I use openmediavault.
- It's Debian
- It has docker compose
- It stays out of my way
Long ago I played with TrueNAS, but it lost test data when I was playing with it. I wound up using Open Media Vault for a couple of years, but recently switched over to NixOS when my NAS box decided to let loose the magic smoke.
If you'd like an example of a NAS nix config, this config is a running on a VM that I've passed the original NAS's drives to: https://git.astaluk.com/paul/NixOS/src/branch/main/hosts/nas/configuration.nix
It's almost certainly not the best way to do it, but it does work. A search on Github for configuration.nix
will probably bring up other, probably better, examples.
I run truenas scale and it's great and pretty much set and forget. I have a bunch of NFS shares and run minio for services that support object storage. I also run postgres, mariadb, and mongodb so that I don't have to worry about how big databases get on my compute machines.

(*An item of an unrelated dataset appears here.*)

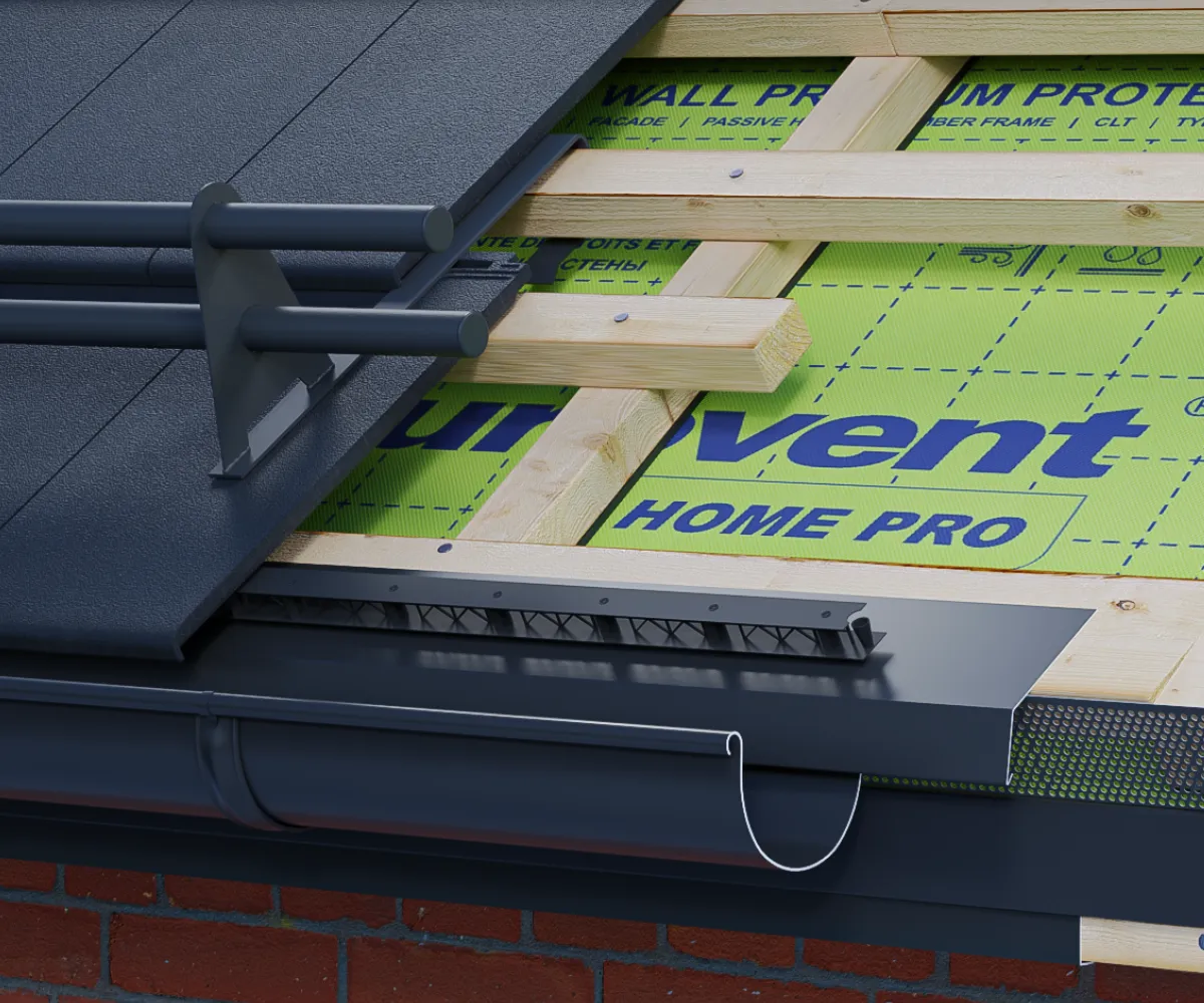 Pas nadrynnowy Eurovent® PAS OKAPU stosowany jest jako wzmocnienie i ochrona okapu w obszarze odpowiedzialnym za odprowadzanie wody do systemu rynnowego. Chroni przed wilgocią i ułatwia drenaż wody stanowiąc jednocześnie estetyczne wykończenie. Wyprofilowany w sposób umożliwiający łatwy i szybki montaż.

The truenas container features are fine but I prefer to run most containers on dedicated docker hosts.
Proxmox with zfs for your nas
TrueNAS. Install it. Use it. Forgetta’bout it. It just works. For almost a decade now.
Can always try NixOS.
Nixos seems so good, I've found a book on github and I've read/watched so many stuff, hoping to eventually switch to it.
I also want to make a nas sometime and while I originally thought about using debian stable, if I get good enough with nixos I might just that instead:)
The concept is soooo cool
And that right there is why I read this sub. TIL NixOS. I'll be digging into this for sure. A quick glance looks promising. Thanks for the recommendation.
Sounds like it's similar to Fedora Silverblue since it's atomic.
Personally, I use raw Debian LTS with ZFS and some scripts for snapshotting for my server. I have tried many OSs, but I find using a basic OS that is the basis for everything else makes it really easy to change things.
Almost everything works on Debian, because almost everything is built downstream of it. A NAS is not something you'll want to tinker with in 6+ months. A NAS is a server you want to be reliable.
TrueNAS is pretty cool, and it uses ZFS by default. Should work for your use case. I couldn't get into it, though. I have to manage every detail, absolutely no exceptions.
I think that's something I'd like to avoid, at least for now. That may change once I've developed strong opinions about how things should work.